General characteristics
- Class & type: Derfflinger-class battlecruiser
- Displacement: 26,947 t (26,521 long tons) normal load; 31,500 t (31,000 long tons) full load;
- Length: 212.8 m (698 ft 2 in)
- Beam: 29 m (95 ft 2 in)
- Draft: 9.57 m (31 ft 5 in)
- Installed power: 18 × water-tube boilers; 72,000 metric horsepower (71,000 shp);
- Propulsion: 4 × Parsons steam turbines; 4 × screw propellers;
- Speed: 27 knots (50 km/h; 31 mph)
- Range: 6,100 nmi (11,300 km; 7,000 mi) at 12 knots (22 km/h; 14 mph)
- Complement: 44 officers; 1,068 men;
- Armament: 8 × 30.5 cm (12 in) SK L/50 guns; 14 × 15 cm (5.9 in) SK L/45 guns ; 4 × 8.8 cm (3.5 in) SK L/45 guns; 4 × single 60 cm torpedo tubes;
- Armor: Belt: 300 mm (11.8 in); Conning tower: 300 mm; Deck: 30 mm (1.2 in); Turret faces: 270 mm (10.6 in);
- Aircraft carried: 2 × seaplanes

= SMS Hindenburg =

Battlecruiser of the German Imperial Navy

SMS Hindenburg (Note: "SMS" stands for "Seiner Majestät Schiff", or "His Majesty's Ship" in German.) was a battlecruiser of the German Kaiserliche Marine (Imperial Navy), the third ship of the , built to a slightly modified design. She was laid down in October 1913 and launched in August 1915. She carried the same battery of eight 30.5 cm guns, but in improved turrets that allowed them to fire farther.

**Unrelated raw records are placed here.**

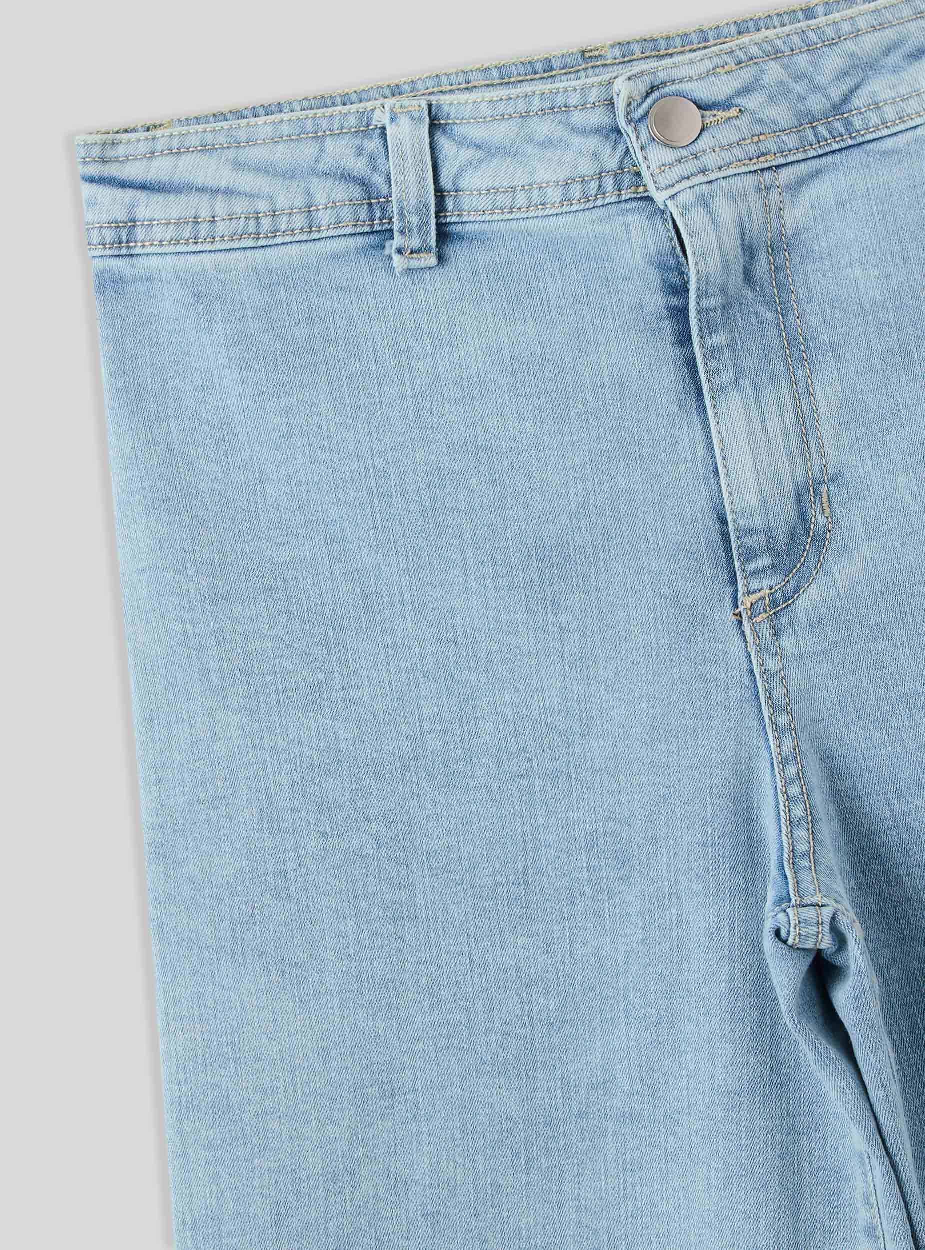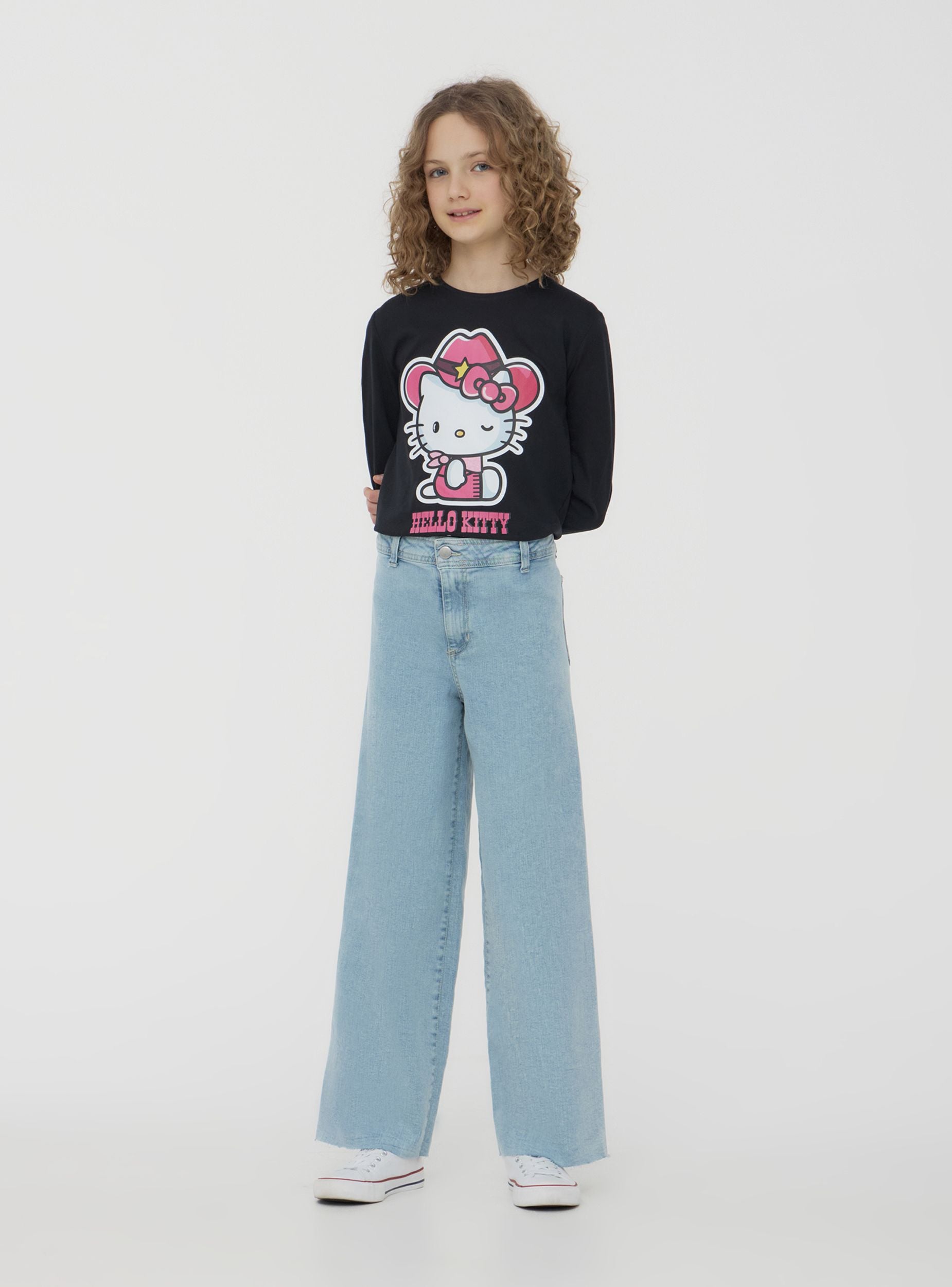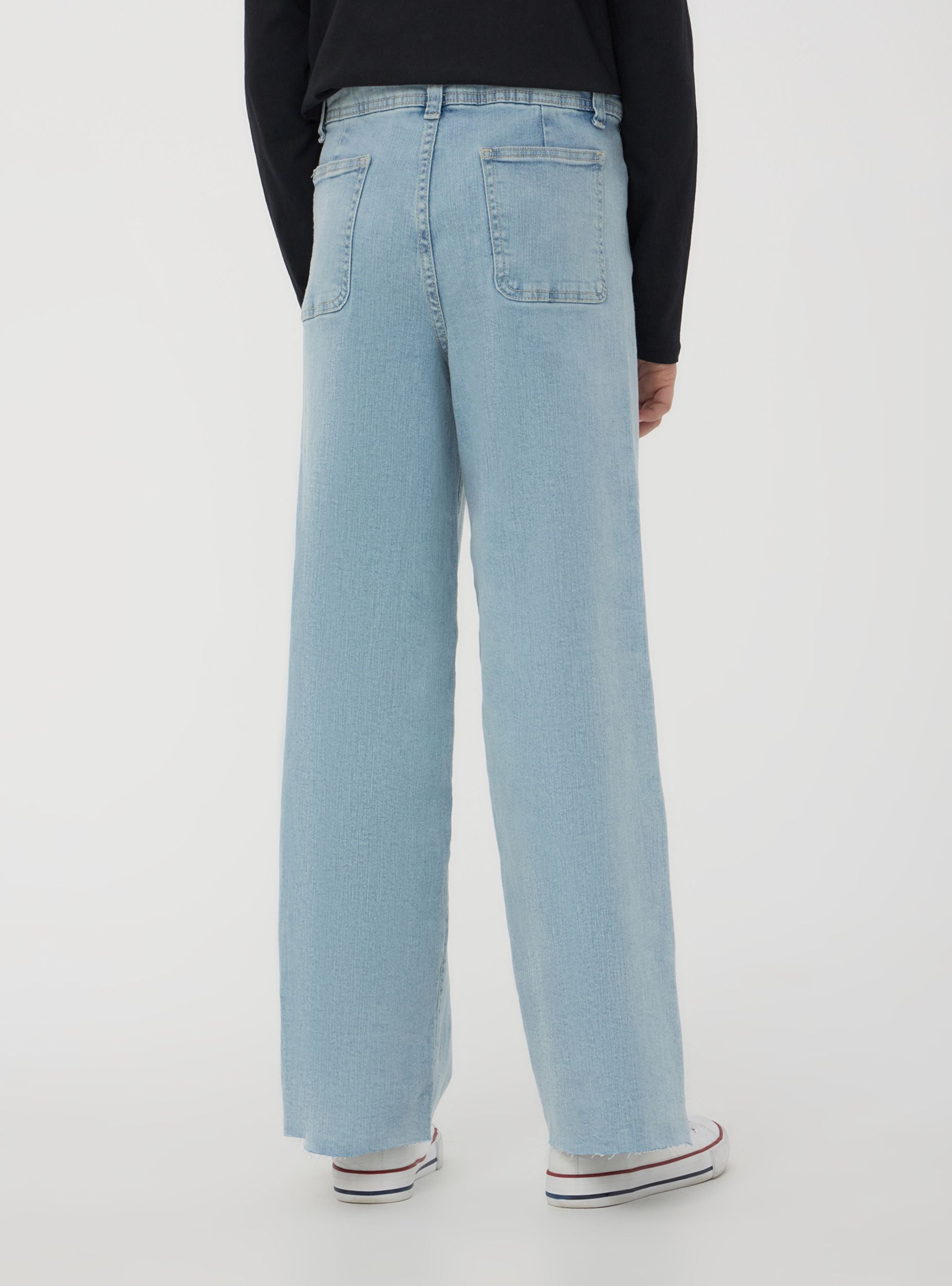 Dječje traperice širokog kroja, savršene za moderan i udoban izgled. Svijetlo pranje denima dodaje dašak svježine, idealno za tople sezone. Zaključavanje na dugme i petlje na struku omogućuju lako kombiniranje s remenima i uskim majicama za uravnotežen outfit. Nosite ih s tenisicama i grafičkom majicom za ležeran izgled, ili s mekanim puloverom za sofisticiraniji dodir.Detalji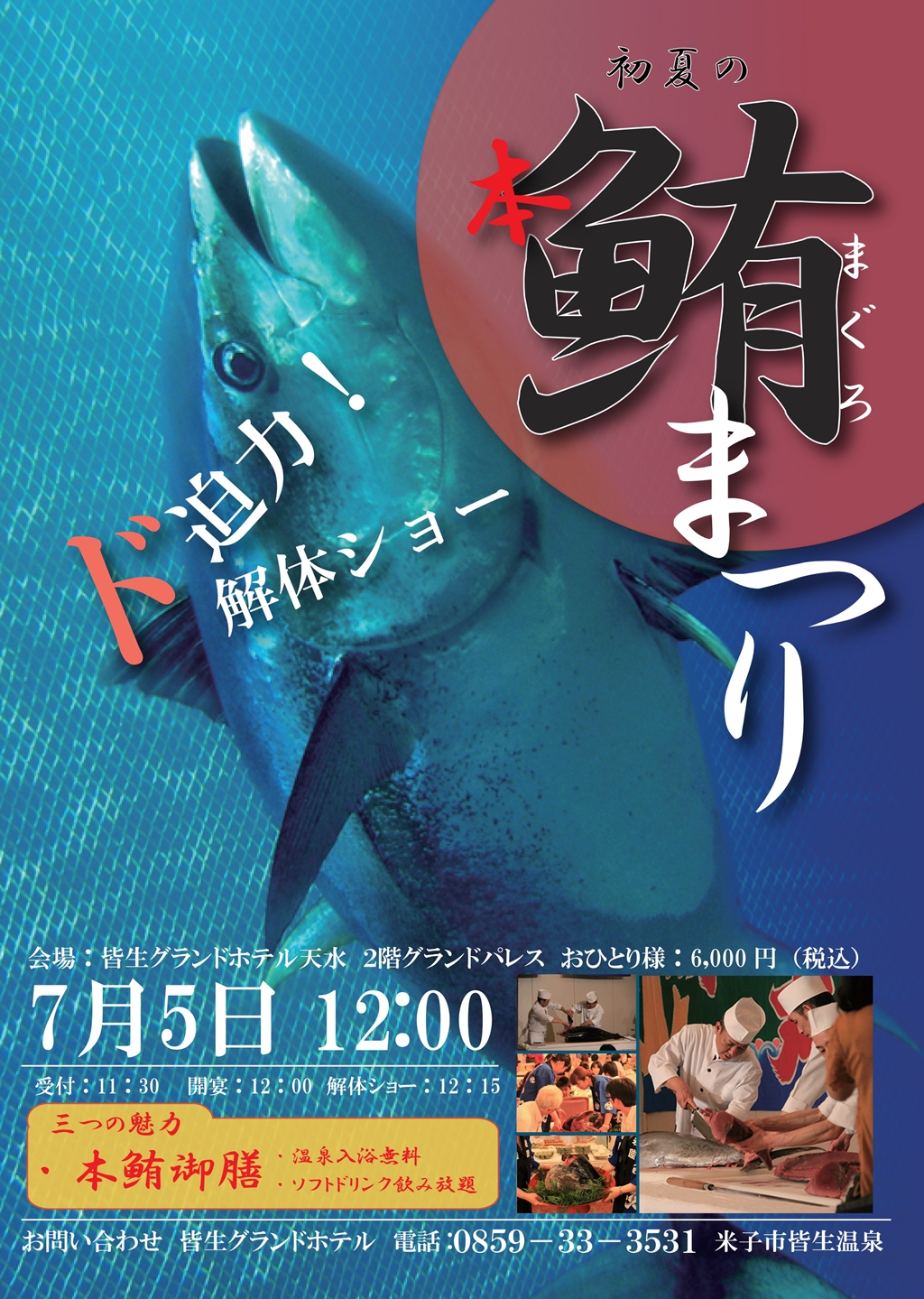 当館ホームページからのご宿泊予約時にオプションで「初夏の本まぐろ祭り 本鮪御膳(昼食)」をお選びいただけます。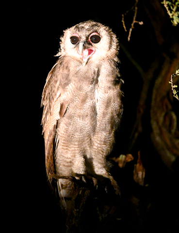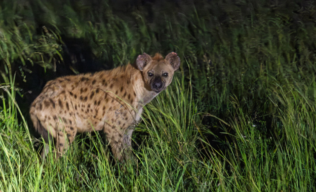 We had booked an official park game drive for the evening and were desperately hoping it would be better than the one we did in Etosha where we saw very little. This one started in the full dark and when we climbed onboard and the truck started up, we were pleased to find that it lit up like a Christmas tree with spotlights on both sides and two strong white spotting lights. This was much better than the single red spotlight we had in Etosha.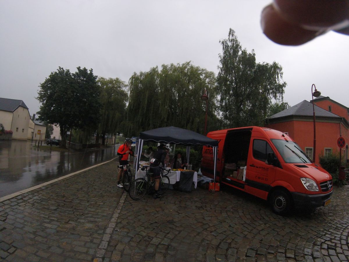 Dann stürzt weiter vorn ein Fahrer, als wir hinter der Kuppe der 4. Cote gerade wieder Fahrt aufnehmen. Die beiden Fahrer vor mir stürzen ebenfalls und auch ich kann weder ausweichen noch schnell genug abbremsen, so dass ich unsanft über den Lenker absteige. Fazit: Ein aufgeschlagenes Knie und eine Schreckminute, nach der ich aber weiterfahren kann. 2 km weiter kommt die erste Verpflegung und ich gönne mir auf den Schock ein Stückchen Kuchen. Meine Gruppe ist weg und auf der Strecke ist so weit das Auge reicht kein Radfahrer zu sehen. Also fahre ich allein weiter bis ich mich nach einer gefühlten Ewigkeit eine anderen Gruppe anschließe, die von hinten heranrollt. Nach einer Fahrzeit von 5:30 h erreiche ich schließlich erschöpft und durchnässt das Ziel auf dem Marktplatz von Echternach.

The ship was also slightly larger and faster than her two sister ships. She was named in honor of Field Marshal Paul von Hindenburg, the victor of the Battle of Tannenberg and the Battle of the Masurian Lakes, as well as the supreme commander of the German armies from 1916. Construction of the ship was slowed after the start of World War I by shortages of material and manpower, the need to repair damaged ships, and shifting priorities. As a result, Hindenburg was the last capital ship of any type built for the German navy during the war, finally entering service in May 1917.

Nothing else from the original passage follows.